Other distribution functions

Another important use case for as_*() functions is to convert some other distribution functions to be pdqr-functions. Except small number of special cases, output of as_*() function will have “continuous” type. The reason is because identifying exact values of distribution in discrete case is very hard in this setup (when almost nothing is known about the input function). It is assumed that if user knows those values, some new_*() function with data frame input can be used to create arbitrary “discrete” pdqr-function.

General conversion algorithm is as follows:

Honored distributions

For input distribution function to be recognized as “honored”, it should be supplied directly with its original name:

# "Honored" distributions
as_d(dnorm)
#> Density function of continuous type
#> Support: ~[-4.75342, 4.75342] (10000 intervals)

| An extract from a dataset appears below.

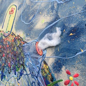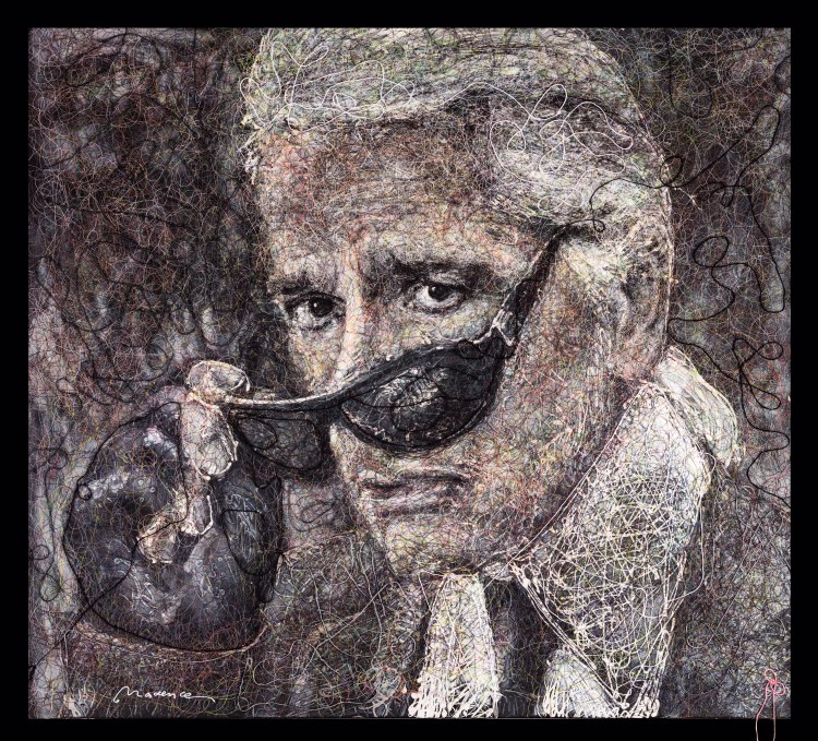 Des mètres de fils de couture tissent le portrait du Grand couturier Karl LARGERFELD.

  # Underlying distribution doesn't depend on class ("p", "d", "q", "r").
  # Following code has the same effect as `as_r(as_d(dnorm))`
as_r(rnorm)
#> Random generation function of continuous type
#> Support: ~[-4.75342, 4.75342] (10000 intervals)

  # Different picewise-linear approximation precision is achieved with different
  # `n_grid` argument value
as_d(dnorm, n_grid = 101)
#> Density function of continuous type
#> Support: ~[-4.75342, 4.75342] (100 intervals)

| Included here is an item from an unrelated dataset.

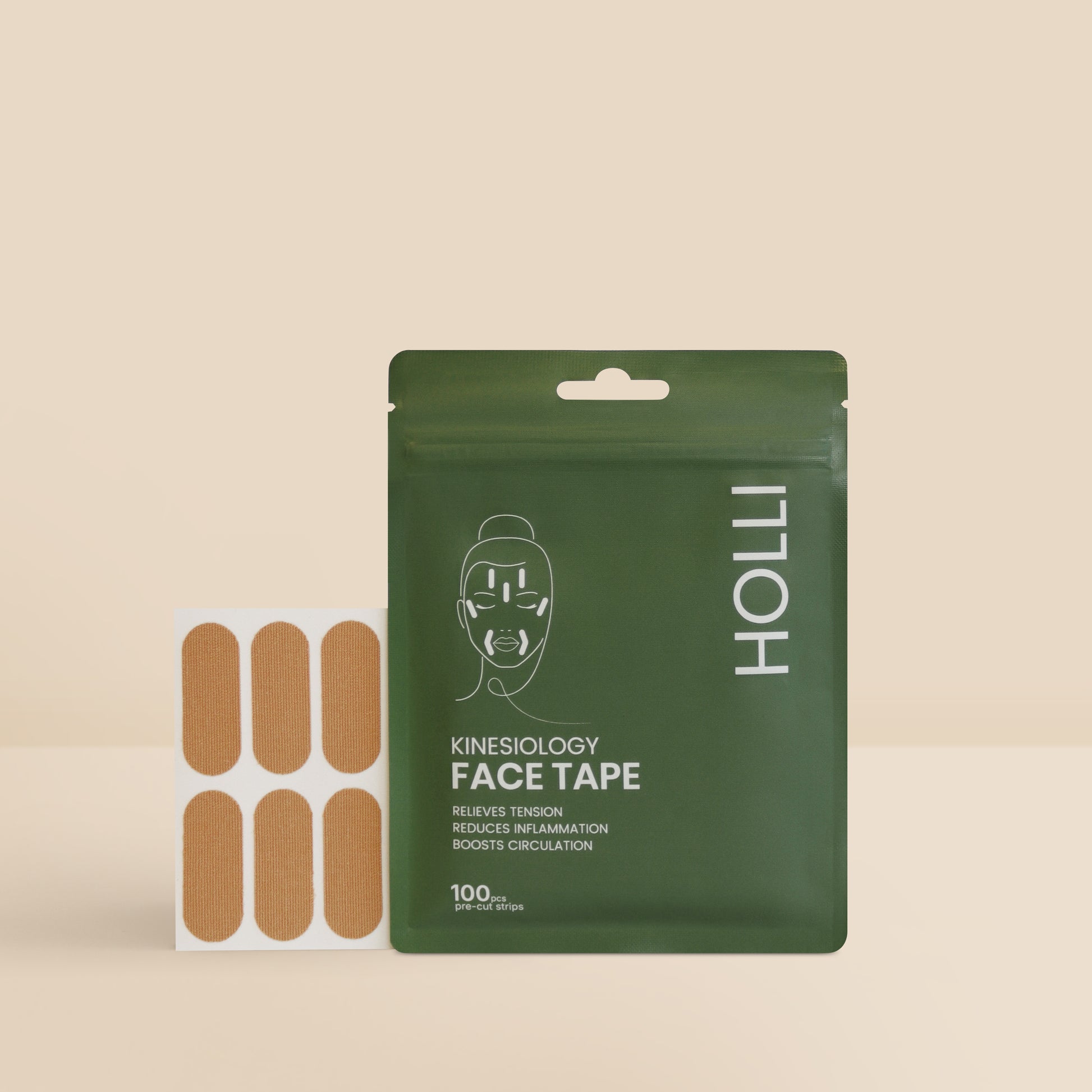 Applying kinesiology tape to your face has the same benefits as applying to the rest of you body. The tape creates a lifting effect, seperating the skin from underlying structure. This extra space helps release muscle tension, promotes circulation, boosts lymphatic drainage and reducing inflammation. All these things are essential for your skin to be healthy enough to effectively heal and care for itself.

  # Different extra arguments for input
as_d(dnorm, mean = 10, sd = 0.1)
#> Density function of continuous type
#> Support: ~[9.52466, 10.47534] (10000 intervals)

  # Currently only five distributions result into "discrete" output of `as_*()`
as_d(dbinom, size = 10, prob = 0.3)
#> Probability mass function of discrete type
#> Support: [0, 10] (11 elements)
as_d(dgeom, prob = 0.3)
#> Probability mass function of discrete type
#> Support: [0, 38] (39 elements)
as_d(dhyper, m = 10, n = 10, k = 7)
#> Probability mass function of discrete type
#> Support: [0, 7] (8 elements)
as_d(dnbinom, size = 10, prob = 0.3)
#> Probability mass function of discrete type
#> Support: [0, 87] (88 elements)
as_d(dpois, lambda = 1)
#> Probability mass function of discrete type
#> Support: [0, 9] (10 elements)

# This isn't recognized as "honored", but output is very close to "honored"
as_d(function(x) {dnorm(x)})
#> Density function of continuous type
#> Support: ~[-38.41642, 38.41642] (10000 intervals)

Support detection

Support detection is implemented for more smooth user experience. For more details on algorithms behind it, see section “Support detection” in as_p() documentation. Generally, if you know exactly what support should be, it is better to provide it.

my_d <- function(x) {ifelse(x >= -1 & x <= 1, 0.75 * (1 - x^2), 0)}

  # With default support detection
as_d(my_d)
#> Density function of continuous type
#> Support: ~[-1.00018, 1.00019] (7588 intervals)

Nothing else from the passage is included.